Thiago Pinto Barbosa (TPB): The book tries to portray a very intimate image of her and her work. And by doing so, the book also tries to talk about some questions related to anthropology and science and social history, crossing all the decades of her life, right from the moment she was born in the beginning of the 20th century until 1970, when she died. The mid-20th century was an important time in history for many discussions in science, including racism and the question of women in science.

Many might know Karve from Yuganta, a prize-winning series of essays. Why should we know her beyond this work?
TPB: We never thought that we wanted to write about her because she, as a figure, deserves more attention. But we did think that there were many interesting things about her life and work that are worth discussing, even today. This might cover some of the questions we talked about earlier: the question of racism in science, the question of what it means to do anthropology, the question of what it means to be an Indian subject doing anthropology, to be a Hindu doing anthropology, and what it means to be a woman in science. I think these are all questions that are worth discussing.

Irawati, to some extent, was the first to do some of these things. She was the first female anthropologist/sociologist to occupy a university position in India. And she caught my attention because she was the first and the only person in this research centre in Berlin – which used to be called the Kaiser Wilhelm Institute of Anthropology, Human Heredity, and Eugenics – to articulate a critique of racist theory in the 1920s. And I thought it was no coincidence that it had to be a woman and a racialised person to do that kind of work.

Biographically, there are many parts of her work that are still relevant for discussions today, including the way that she thought about citizenship and nationality in India, religion, culture, and the place of women in Indian society. Apart from ‎Yuganta, much of what she wrote can still be relevant to some of the discussions we’re still having today.

UD: I came to this work because I wanted to write fiction. I wanted to write a novel. Not about her, not about her life, not a biography. A novel based on a woman who was in Berlin at that time. But the publisher wanted a biography of Irawati. I didn’t really know who she was until we got into this. For me, it involved talking to the people who knew her, including her daughter, thinking back on all the things that I’d been told or knew about her. All these questions began to come up about who she was and then, slowly, why she is relevant today. Those who know her anthropology work are in one very small niche area, and those who know her Marathi essays are in another small niche area. Otherwise, she’s relatively unknown.

TPB: Also, the history of science has a tradition of making women invisible. And I think part of the motivation for writing this biography is to rewrite women in marginalised positions in some way back into the history of science.

Irawati Karwe at the KWI-A receiving room with human skulls, Berlin, 1928. Image source: Urmilla Deshpande.

Tell me about the form you chose: “critical fabulation.”
TPB: Critical fabulation is an idea coined by Saidiya Hartman and also used by Projit Muhkarji. It comes from the discussion of what historians do about the fact that we cannot find any documents about the millions of women who were in the slave trade and who happened to have died crossing the ocean, or were captured in Africa and then put to work in America. Do we not write history about them because the knowledge is not there? How do we fill those gaps in history that are important, because those stories need to be told? We need to develop ways of being able to craft narratives with the little material that we have, but still be able to tell a story somehow. This is the principle, this idea of crafting stories that are still based on very solid research.

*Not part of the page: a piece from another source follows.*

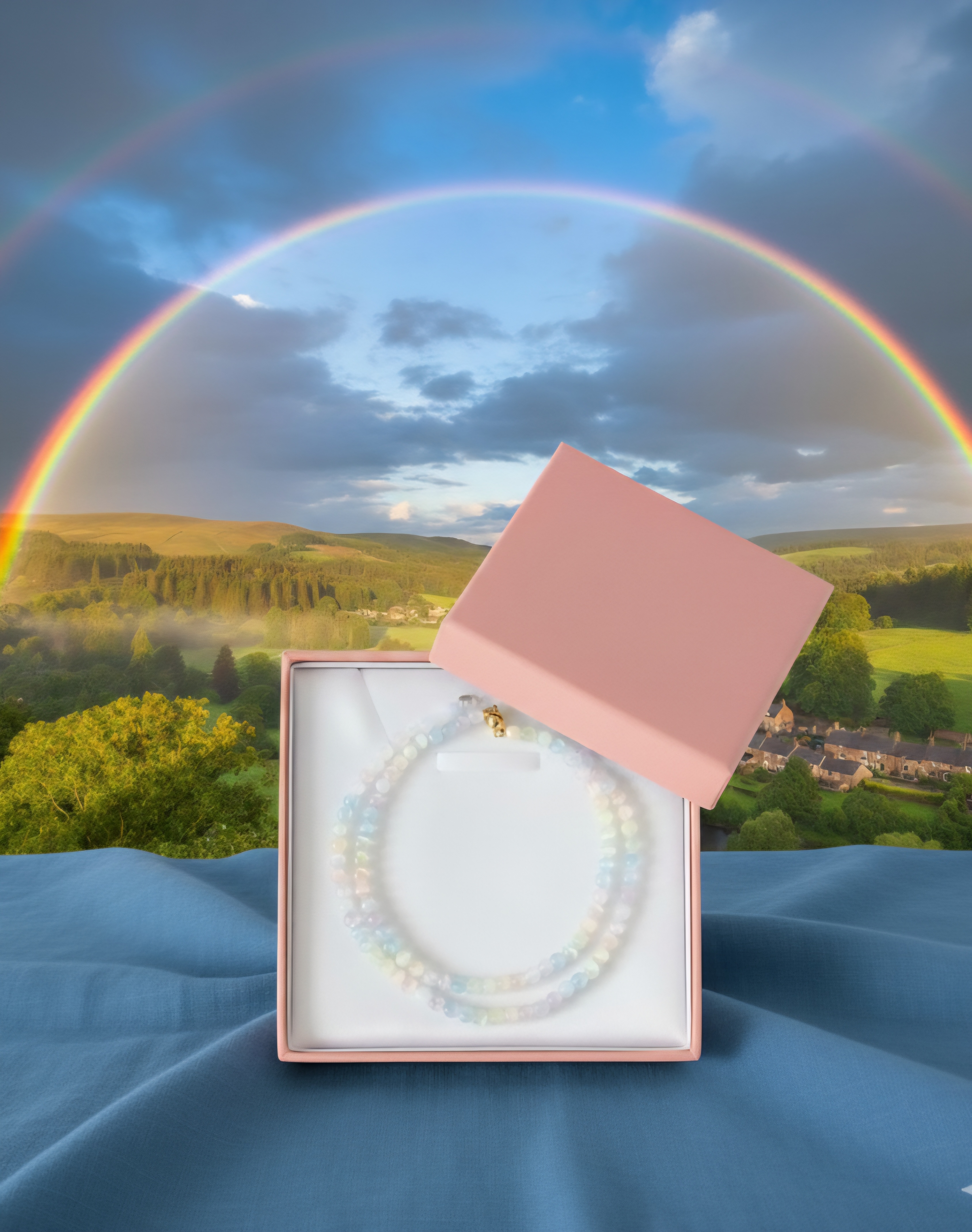 ,,Tęczowa Kolia” to nie tylko spektakularny dodatek, ale też wyraz Twojej miłości do natury i jej cudów. Każdy koralik to miniatura tęczy, a całość tworzy harmonijną kompozycję, która przyciąga wzrok i inspiruje. Jest to idealny naszyjnik dla osób, które cenią sobie oryginalność, symbolikę i pozytywną energię. Noś go, aby przypominać sobie o pięknie, które kryje się w świecie, o nadziei, która zawsze następuje po trudnościach, i o radości, którą niesie ze sobą każdy nowy dzień.

And that’s what we did. We did thorough research, we researched in archives, we interviewed many people, people who knew her, ex-students, ex-colleagues, we read all her texts, many different texts about her too, and we gathered different stories. Urmilla and I would meet in Berlin and go for walks, going to the places where she lived, where she studied. I have a long engagement with the history of the institution where she did her PhD in Berlin because I was working there. Based on all those facts, we allowed ourselves to be creative in forming a narrative that was still based on the real facts, but to try to make a biography that would still be more accessible to the reader and somehow try to get as close to her as we could in this portrayal of this person.

I didn’t want to write a boring biography. I think this was also our concern because there’s so much poetry in the things that she writes as well. And I think working with Urmilla was a real blessing because I’m an academic writer. I’m not so trained in writing things beautifully, even though anthropology has many discussions about how to write and engage with the poetics of reality. That’s something that Karve herself also did in her writings. And that’s something Urmilla did really well. So, I think our collaboration managed to get the best of each of us.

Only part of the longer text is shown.